(Dataset entries)
Segment Open
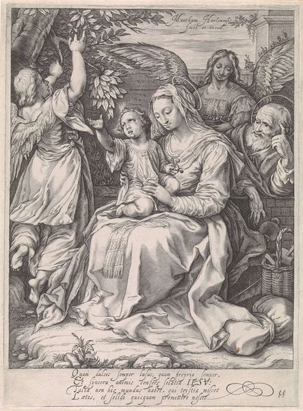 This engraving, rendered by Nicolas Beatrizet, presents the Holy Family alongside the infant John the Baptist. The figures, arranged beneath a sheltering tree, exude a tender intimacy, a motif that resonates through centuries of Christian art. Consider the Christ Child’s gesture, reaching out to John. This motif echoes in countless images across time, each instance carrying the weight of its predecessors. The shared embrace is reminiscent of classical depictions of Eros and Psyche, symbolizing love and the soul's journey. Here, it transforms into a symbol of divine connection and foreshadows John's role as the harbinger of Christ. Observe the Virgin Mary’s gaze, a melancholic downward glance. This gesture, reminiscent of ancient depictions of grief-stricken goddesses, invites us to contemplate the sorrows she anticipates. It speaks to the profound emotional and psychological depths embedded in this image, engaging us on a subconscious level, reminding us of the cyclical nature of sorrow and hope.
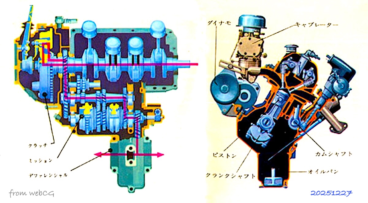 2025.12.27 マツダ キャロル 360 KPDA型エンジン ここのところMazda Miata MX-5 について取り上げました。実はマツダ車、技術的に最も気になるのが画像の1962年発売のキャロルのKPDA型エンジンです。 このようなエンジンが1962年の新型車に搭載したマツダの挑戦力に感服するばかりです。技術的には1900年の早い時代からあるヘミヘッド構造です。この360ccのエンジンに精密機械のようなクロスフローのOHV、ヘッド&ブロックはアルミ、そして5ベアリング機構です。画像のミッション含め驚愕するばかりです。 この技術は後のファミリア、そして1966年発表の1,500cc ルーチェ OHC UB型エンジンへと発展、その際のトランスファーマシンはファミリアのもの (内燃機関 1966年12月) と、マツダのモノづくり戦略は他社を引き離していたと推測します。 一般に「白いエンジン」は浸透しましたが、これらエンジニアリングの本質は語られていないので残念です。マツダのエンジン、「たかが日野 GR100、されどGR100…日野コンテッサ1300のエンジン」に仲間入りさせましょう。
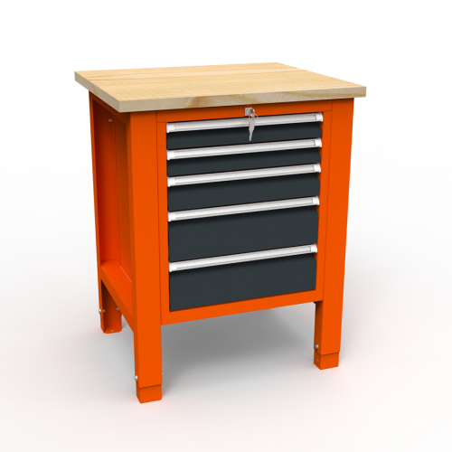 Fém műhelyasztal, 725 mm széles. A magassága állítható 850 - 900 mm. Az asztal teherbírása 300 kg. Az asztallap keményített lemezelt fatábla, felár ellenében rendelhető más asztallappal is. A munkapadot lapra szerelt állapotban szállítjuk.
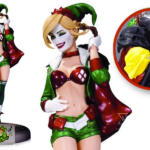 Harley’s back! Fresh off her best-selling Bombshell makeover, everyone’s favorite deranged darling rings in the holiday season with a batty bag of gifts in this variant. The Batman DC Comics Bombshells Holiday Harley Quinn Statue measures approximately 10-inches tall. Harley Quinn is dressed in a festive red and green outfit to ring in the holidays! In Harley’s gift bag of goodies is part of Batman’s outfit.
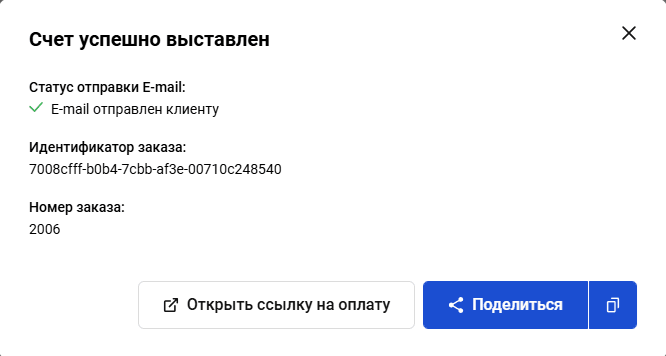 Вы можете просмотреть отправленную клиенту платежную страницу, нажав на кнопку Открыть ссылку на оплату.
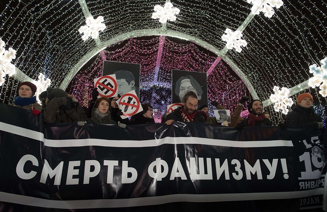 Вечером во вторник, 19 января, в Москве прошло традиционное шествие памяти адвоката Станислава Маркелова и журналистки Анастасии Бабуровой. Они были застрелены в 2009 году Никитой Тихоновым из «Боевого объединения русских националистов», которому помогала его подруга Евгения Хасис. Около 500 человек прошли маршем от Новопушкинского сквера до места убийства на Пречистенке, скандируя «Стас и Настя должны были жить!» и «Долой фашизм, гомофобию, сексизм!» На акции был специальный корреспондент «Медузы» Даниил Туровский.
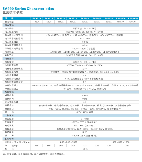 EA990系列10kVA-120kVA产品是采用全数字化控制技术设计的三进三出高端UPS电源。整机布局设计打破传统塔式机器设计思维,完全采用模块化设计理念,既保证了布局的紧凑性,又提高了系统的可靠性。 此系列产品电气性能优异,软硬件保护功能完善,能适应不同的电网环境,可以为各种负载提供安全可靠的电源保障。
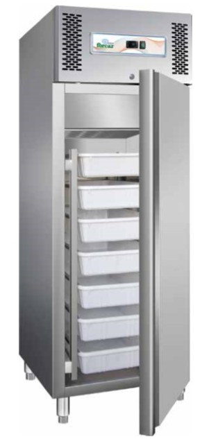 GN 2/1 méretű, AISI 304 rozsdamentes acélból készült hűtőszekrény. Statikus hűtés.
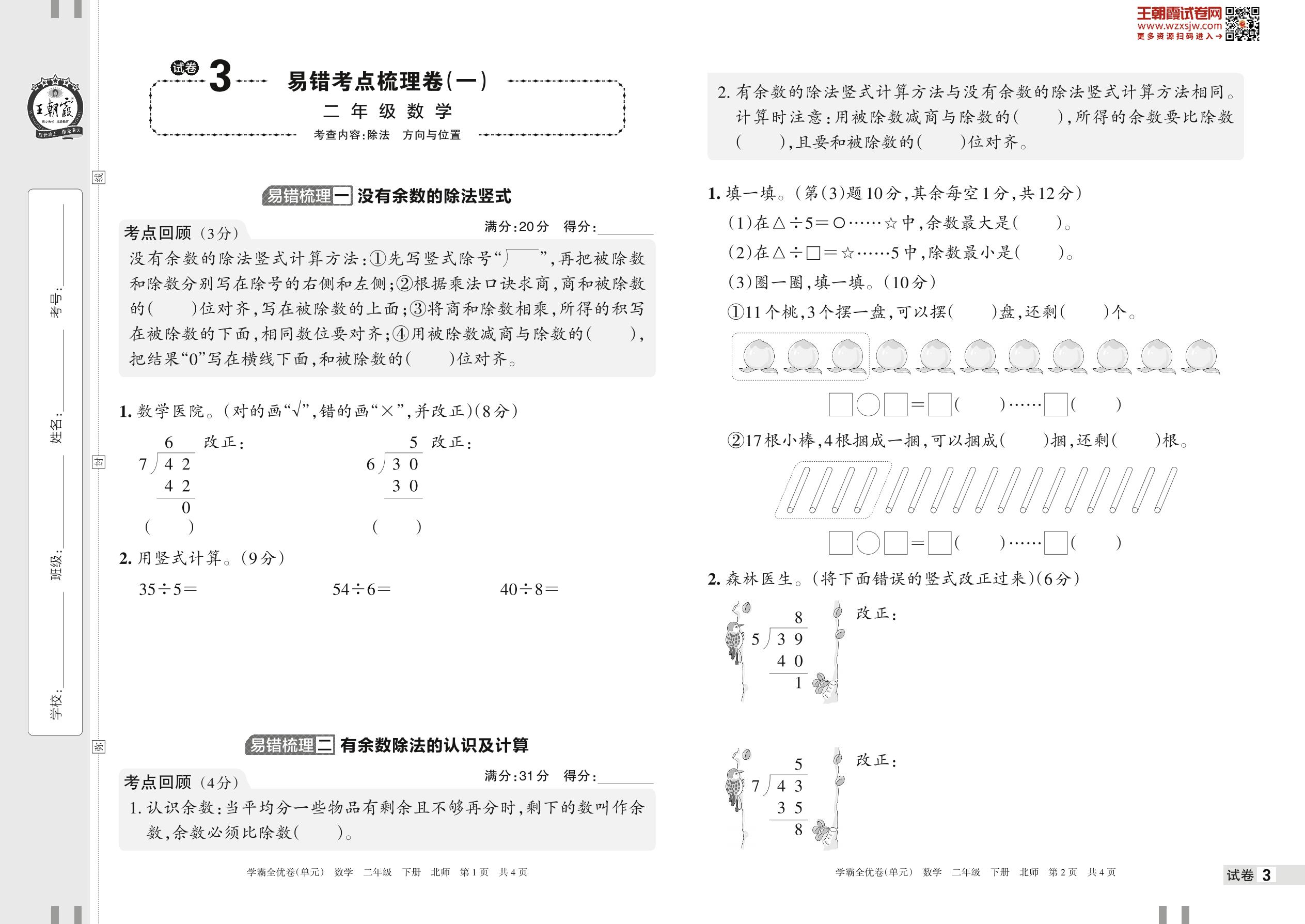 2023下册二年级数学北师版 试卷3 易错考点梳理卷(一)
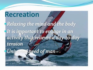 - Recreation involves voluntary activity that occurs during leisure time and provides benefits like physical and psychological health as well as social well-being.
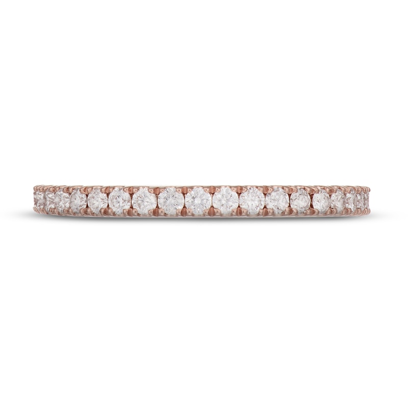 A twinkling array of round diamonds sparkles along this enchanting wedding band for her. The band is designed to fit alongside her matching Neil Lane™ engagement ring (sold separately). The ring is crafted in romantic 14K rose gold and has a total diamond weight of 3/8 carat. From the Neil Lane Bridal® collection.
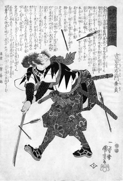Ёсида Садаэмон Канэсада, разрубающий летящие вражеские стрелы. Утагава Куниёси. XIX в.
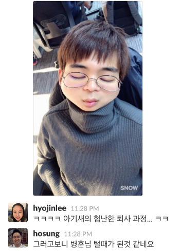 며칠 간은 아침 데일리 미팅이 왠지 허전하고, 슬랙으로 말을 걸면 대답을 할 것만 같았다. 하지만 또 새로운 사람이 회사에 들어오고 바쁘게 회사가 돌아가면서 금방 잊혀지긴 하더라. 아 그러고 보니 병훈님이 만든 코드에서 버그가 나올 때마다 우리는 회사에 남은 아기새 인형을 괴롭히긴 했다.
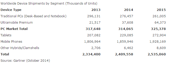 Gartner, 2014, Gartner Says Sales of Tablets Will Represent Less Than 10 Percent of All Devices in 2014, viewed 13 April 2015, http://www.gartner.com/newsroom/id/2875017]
Segment Closed
Exercise: Leave the pictures out and output the rest of the data word for word.

Solution:
 This engraving, rendered by Nicolas Beatrizet, presents the Holy Family alongside the infant John the Baptist. The figures, arranged beneath a sheltering tree, exude a tender intimacy, a motif that resonates through centuries of Christian art. Consider the Christ Child’s gesture, reaching out to John. This motif echoes in countless images across time, each instance carrying the weight of its predecessors. The shared embrace is reminiscent of classical depictions of Eros and Psyche, symbolizing love and the soul's journey. Here, it transforms into a symbol of divine connection and foreshadows John's role as the harbinger of Christ. Observe the Virgin Mary’s gaze, a melancholic downward glance. This gesture, reminiscent of ancient depictions of grief-stricken goddesses, invites us to contemplate the sorrows she anticipates. It speaks to the profound emotional and psychological depths embedded in this image, engaging us on a subconscious level, reminding us of the cyclical nature of sorrow and hope.
 2025.12.27 マツダ キャロル 360 KPDA型エンジン ここのところMazda Miata MX-5 について取り上げました。実はマツダ車、技術的に最も気になるのが画像の1962年発売のキャロルのKPDA型エンジンです。 このようなエンジンが1962年の新型車に搭載したマツダの挑戦力に感服するばかりです。技術的には1900年の早い時代からあるヘミヘッド構造です。この360ccのエンジンに精密機械のようなクロスフローのOHV、ヘッド&ブロックはアルミ、そして5ベアリング機構です。画像のミッション含め驚愕するばかりです。 この技術は後のファミリア、そして1966年発表の1,500cc ルーチェ OHC UB型エンジンへと発展、その際のトランスファーマシンはファミリアのもの (内燃機関 1966年12月) と、マツダのモノづくり戦略は他社を引き離していたと推測します。 一般に「白いエンジン」は浸透しましたが、これらエンジニアリングの本質は語られていないので残念です。マツダのエンジン、「たかが日野 GR100、されどGR100…日野コンテッサ1300のエンジン」に仲間入りさせましょう。
 Fém műhelyasztal, 725 mm széles. A magassága állítható 850 - 900 mm. Az asztal teherbírása 300 kg. Az asztallap keményített lemezelt fatábla, felár ellenében rendelhető más asztallappal is. A munkapadot lapra szerelt állapotban szállítjuk.
 Harley’s back! Fresh off her best-selling Bombshell makeover, everyone’s favorite deranged darling rings in the holiday season with a batty bag of gifts in this variant. The Batman DC Comics Bombshells Holiday Harley Quinn Statue measures approximately 10-inches tall. Harley Quinn is dressed in a festive red and green outfit to ring in the holidays! In Harley’s gift bag of goodies is part of Batman’s outfit.
 Вы можете просмотреть отправленную клиенту платежную страницу, нажав на кнопку Открыть ссылку на оплату.
 Вечером во вторник, 19 января, в Москве прошло традиционное шествие памяти адвоката Станислава Маркелова и журналистки Анастасии Бабуровой. Они были застрелены в 2009 году Никитой Тихоновым из «Боевого объединения русских националистов», которому помогала его подруга Евгения Хасис. Около 500 человек прошли маршем от Новопушкинского сквера до места убийства на Пречистенке, скандируя «Стас и Настя должны были жить!» и «Долой фашизм, гомофобию, сексизм!» На акции был специальный корреспондент «Медузы» Даниил Туровский.
 EA990系列10kVA-120kVA产品是采用全数字化控制技术设计的三进三出高端UPS电源。整机布局设计打破传统塔式机器设计思维,完全采用模块化设计理念,既保证了布局的紧凑性,又提高了系统的可靠性。 此系列产品电气性能优异,软硬件保护功能完善,能适应不同的电网环境,可以为各种负载提供安全可靠的电源保障。
 GN 2/1 méretű, AISI 304 rozsdamentes acélból készült hűtőszekrény. Statikus hűtés.
 2023下册二年级数学北师版 试卷3 易错考点梳理卷(一)
 - Recreation involves voluntary activity that occurs during leisure time and provides benefits like physical and psychological health as well as social well-being.
 A twinkling array of round diamonds sparkles along this enchanting wedding band for her. The band is designed to fit alongside her matching Neil Lane™ engagement ring (sold separately). The ring is crafted in romantic 14K rose gold and has a total diamond weight of 3/8 carat. From the Neil Lane Bridal® collection.
Ёсида Садаэмон Канэсада, разрубающий летящие вражеские стрелы. Утагава Куниёси. XIX в.
 며칠 간은 아침 데일리 미팅이 왠지 허전하고, 슬랙으로 말을 걸면 대답을 할 것만 같았다. 하지만 또 새로운 사람이 회사에 들어오고 바쁘게 회사가 돌아가면서 금방 잊혀지긴 하더라. 아 그러고 보니 병훈님이 만든 코드에서 버그가 나올 때마다 우리는 회사에 남은 아기새 인형을 괴롭히긴 했다.
 Gartner, 2014, Gartner Says Sales of Tablets Will Represent Less Than 10 Percent of All Devices in 2014, viewed 13 April 2015, http://www.gartner.com/newsroom/id/2875017]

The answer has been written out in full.